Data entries

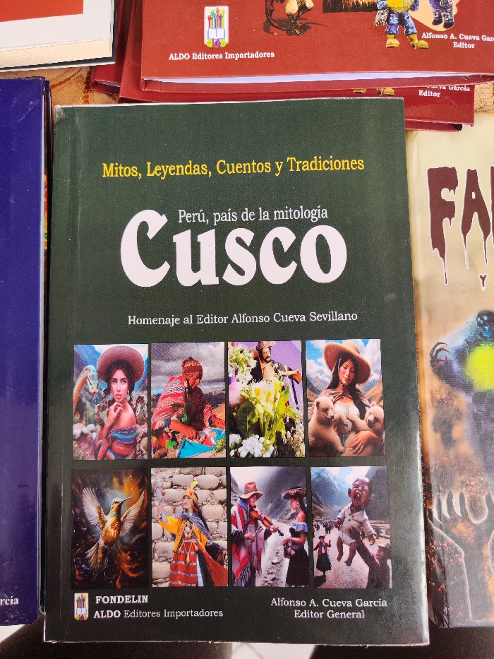 - "A close-up photograph displays a dark green book cover titled "Mitos, Leyendas, Cuentos y Tradiciones: Perú, país de la mitología Cusco," indicating its subject matter is the city of Cuzco, Peru" by FM-20kwN2, licensed under CC BY 4.0
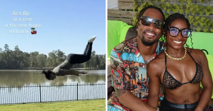 The Olympic champion shared a video of herself doing a backflip on her trampoline, writing, “first flip – in a year – at the new house – with new (cherries).”
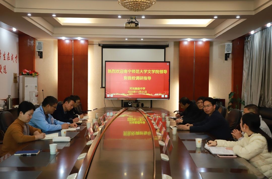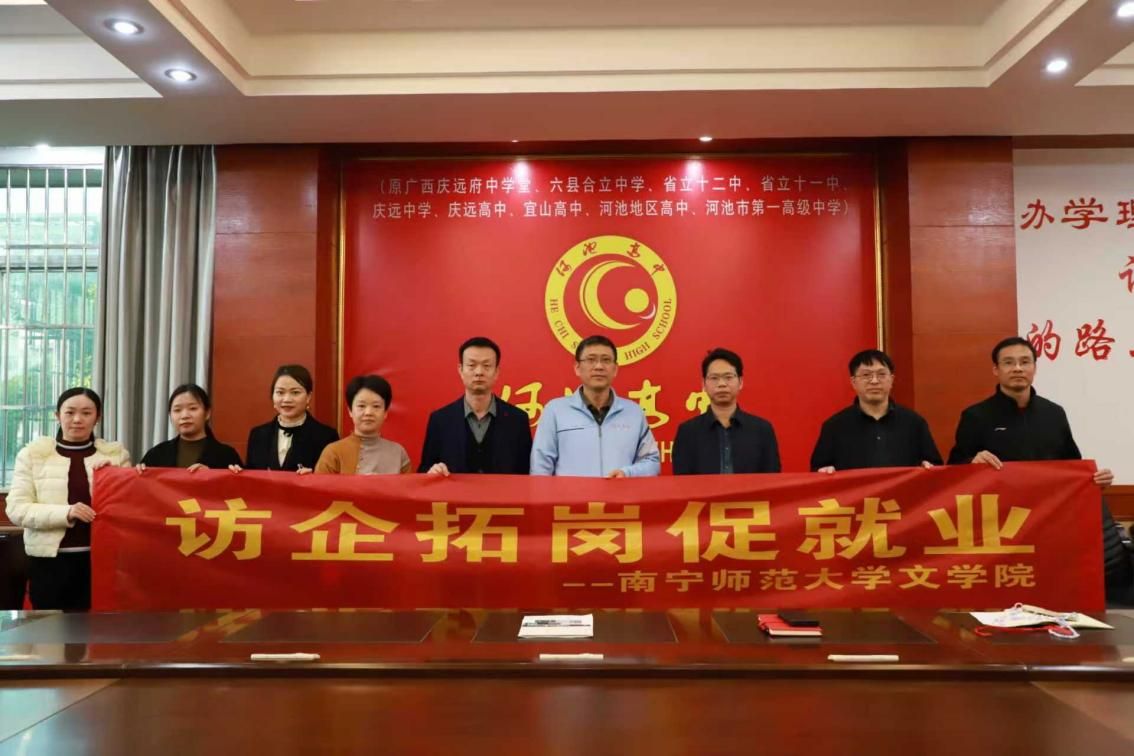 11月21日,华体会平台文学院领导班子及教师代表前往河池高中开展访企拓岗专项活动,对接学生就业推荐与来校招聘事宜。
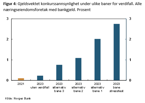 Verdifallet reduserer foretakenes egenkapitalandel og øker konkurssannsynligheten. Med et fall i bokførte eiendomsverdier på 32,5 prosent, vil aggregert egenkapitalandel i næringseiendomsforetakene falle fra om lag 35 prosent til 19 prosent etter 2 år, se figur 3. Det øker estimert gjeldsvektet konkurssannsynlighet fra 0,11 til 2,75 prosent, en faktor på 25, se stresstestbanen i figur 4. Det kan bety at bankene må ta 2,5 - 3 prosent tap på slike lån. I tillegg må bankene trolig legge til grunn større tap ved mislighold (på engelsk kjent som «loss given default», LGD) hvis prisfallet vedvarer, og det vil bidra til å holde tapsraten høy over flere år. For eksempel var tapene på næringseiendomslån i norske forretningsbanker under bankkrisen i 1988-1990 3-4 prosent hvert år (før de eksploderte, med nedskrivninger på rundt 12 prosent i 1991).
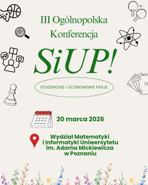 Serdecznie zapraszamy na III edycję Ogólnopolskiej Konferencji SiUP – Studenckie i Uczniowskie Pasje! Wydarzenie odbędzie się w piątek, 20 marca 2026 na Wydziale Matematyki i Informatyki UAM w Poznaniu, więc wracamy do wiosennego terminu konferencji. Tak jak w poprzednich edycjach chcemy gorąco zaprosić uczniów do aktywnego uczestnictwa w tym wydarzeniu. ...
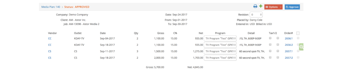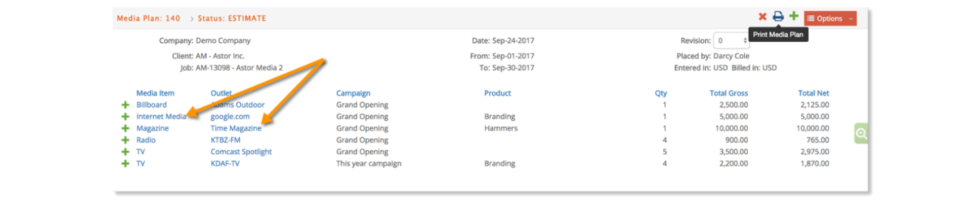Once a media plan has been created, and the user is ready to start generating orders from the plan, click the blue Media Item or the Outlet label to review and approve placements as orders.
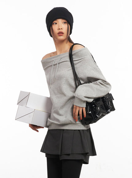 Stringed Off-Shoulder Sweatshirt IA504
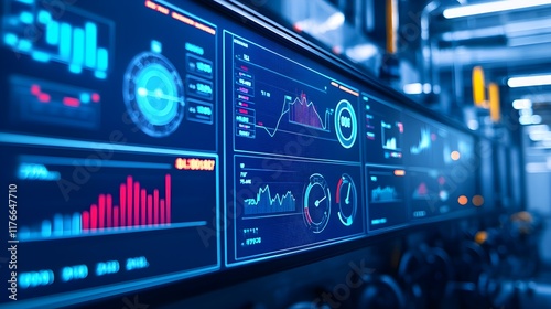 Obraz premium Futuristic Data Analytics Interface with Graphs and Metrics Display
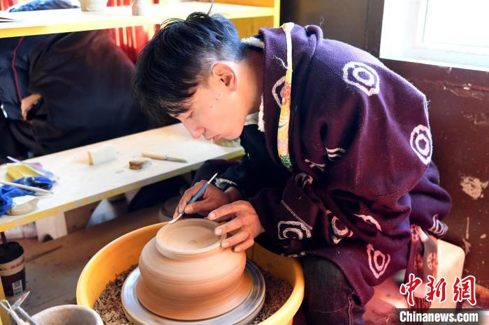 四川省阿壩州壤塘縣大力推動文化扶貧 牧民子弟成為藏陶師
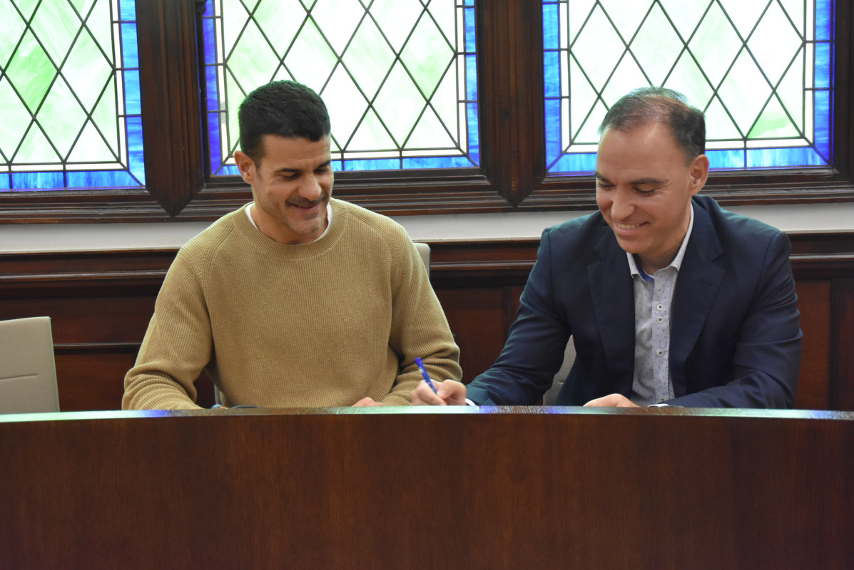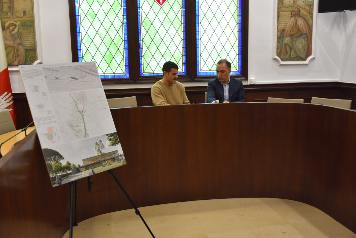 L’alcalde Oriol Lozano signa el contracte per iniciar les obres del nou complex esportiu municipal amb piscines
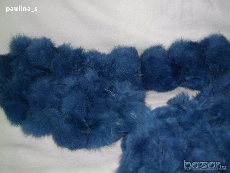Поради новите правила за заплащане на обновяванията на обявите, моля разгледайте и последните страници на профила ми, обявите са активни и евтини. Дамски шал "Боа" от естествена кожа-заек. Представлява гирлянд от много на брой малки сини топки, свързани със сатениран шнур. Може да се носи като шал зимата или като "Боа" към вечерен тоалет.
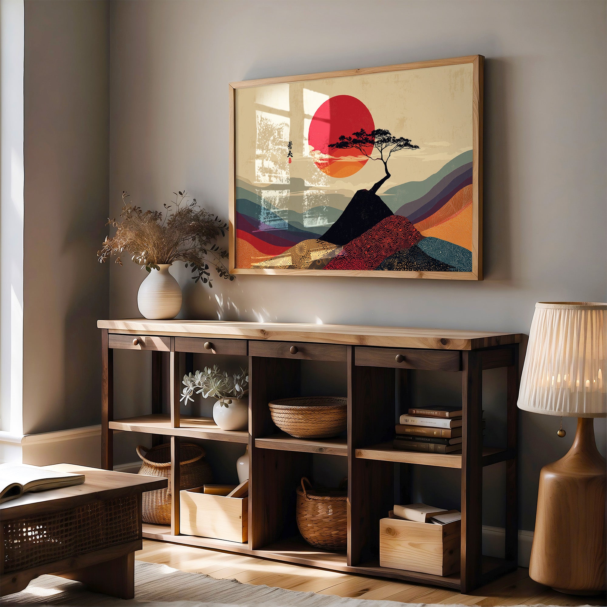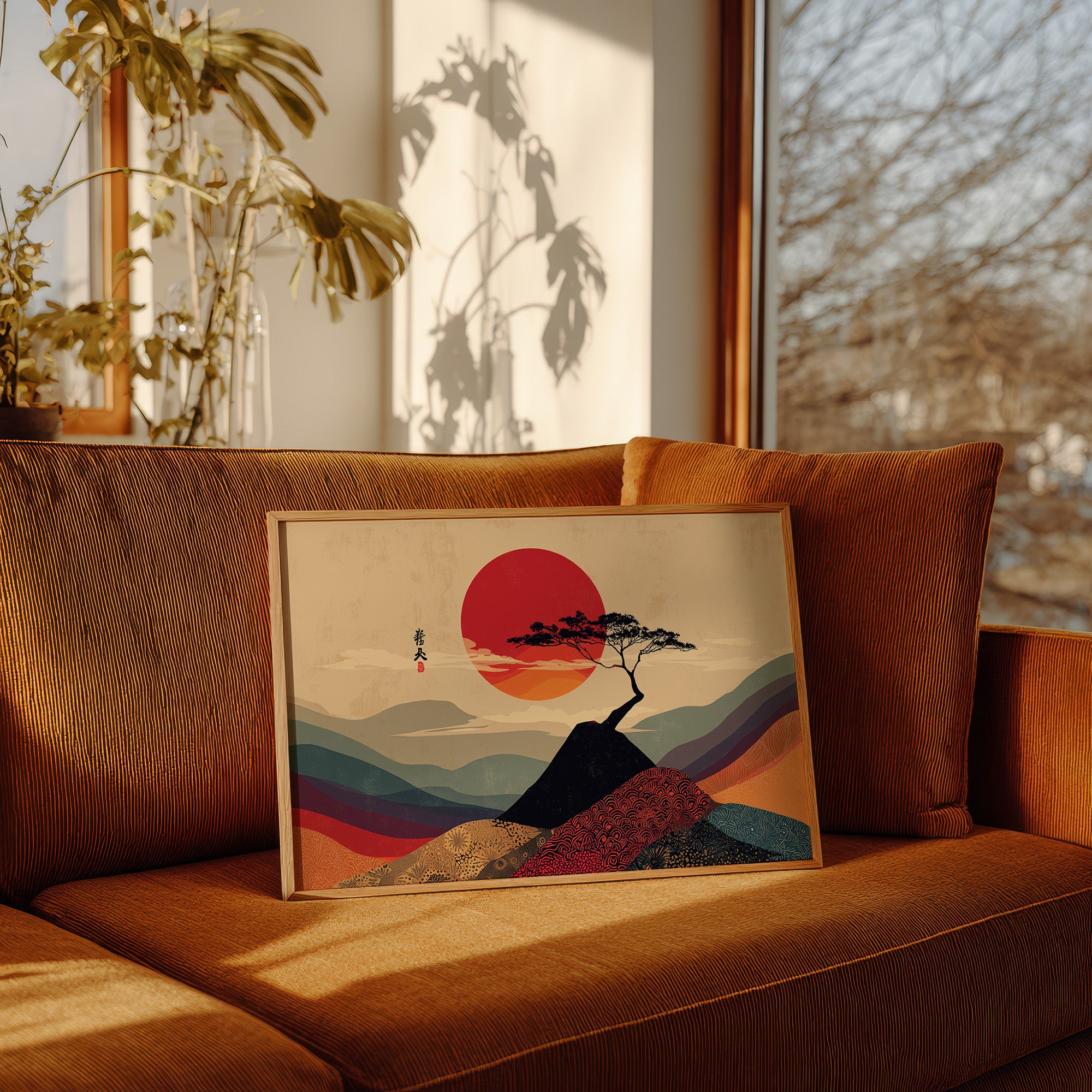 Golden afternoon light streams across a corduroy couch, casting delicate plant shadows on cream walls while illuminating a striking Japanese-inspired landscape. The artwork captures a solitary tree perched atop rolling hills, silhouetted against a bold crimson sun in a composition of sweeping curves and rich earth tones. The interplay of warm sunlight with the cool teals and deep crimsons of the print creates a meditation on balance and natural harmony. This piece would bring contemplative energy to a reading nook, meditation space, or any room seeking to blend contemporary Asian aesthetics with natural elements.
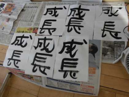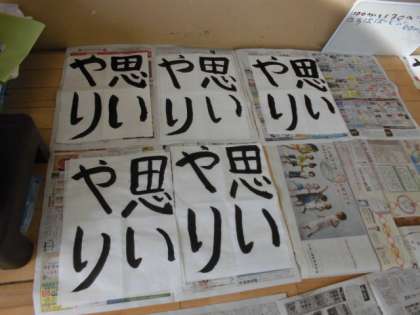 6年生は『思いやり』,5年生は『成長』という文字を練習していました。文字の形や大きさ,書き順に気を付けて,丁寧に書いています。
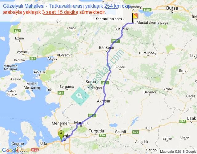 Güzelyalı Mahallesi - Tatkavaklı arası yaklaşık olarak 90 km/h ile yukarıda belirtilen sürede olup, iki yerin kuş uçuşu uzaklığı (mesafesi) 212'dir. Yolculuk otobüsle 4 saat 13 dakika sürmektedir.
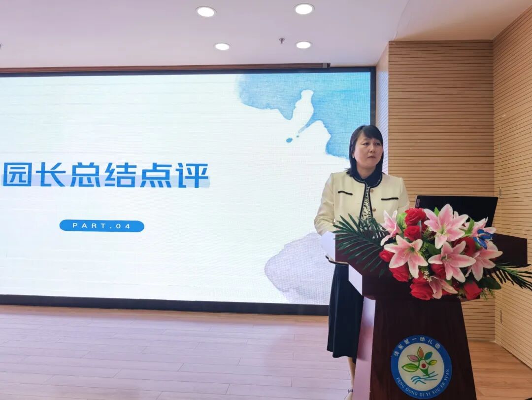 开题会接近尾声,段园长上台作总结讲话。她先是对本次开题会的圆满召开表示祝贺,对各课题组的精心准备给予肯定。随后,她对全体教师提出期望:“希望各课题组以此次开题为起点,把研究做细、做实——既要扎根班级实践,又要及时反思调整;更希望全体教师以课题研究为契机,养成‘观察-思考-研究’的习惯,让教研真正服务于幼儿成长、助力教师发展。”
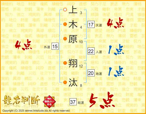 上木原翔汰さんの総運は37画の5点!
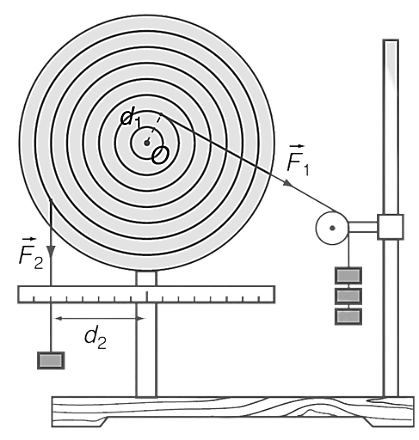 - Dùng 1 đĩa tròn có trục quay đi qua tâm O, trên mặt đĩa có những lỗ dùng để treo quả cân. Tác dụng vào đĩa những lực \(\vec{F_1}\) và \(\vec{F_2}\) nằm trong mặt phẳng của đĩa sao cho đĩa đứng yên. Khi đó ta có:\(F_1.d_1=F_2.d_2\)

▶ _THE PROBLEM_:
Using the entries above, transcribe every line from the line containing "Stringed Off-Shoulder Sweatshirt IA504" through the line containing "Поради новите правила". Do not copy pictures.

▶ _REPLY_:
 Stringed Off-Shoulder Sweatshirt IA504
 Obraz premium Futuristic Data Analytics Interface with Graphs and Metrics Display
 四川省阿壩州壤塘縣大力推動文化扶貧 牧民子弟成為藏陶師
 L’alcalde Oriol Lozano signa el contracte per iniciar les obres del nou complex esportiu municipal amb piscines
Поради новите правила за заплащане на обновяванията на обявите, моля разгледайте и последните страници на профила ми, обявите са активни и евтини. Дамски шал "Боа" от естествена кожа-заек. Представлява гирлянд от много на брой малки сини топки, свързани със сатениран шнур. Може да се носи като шал зимата или като "Боа" към вечерен тоалет.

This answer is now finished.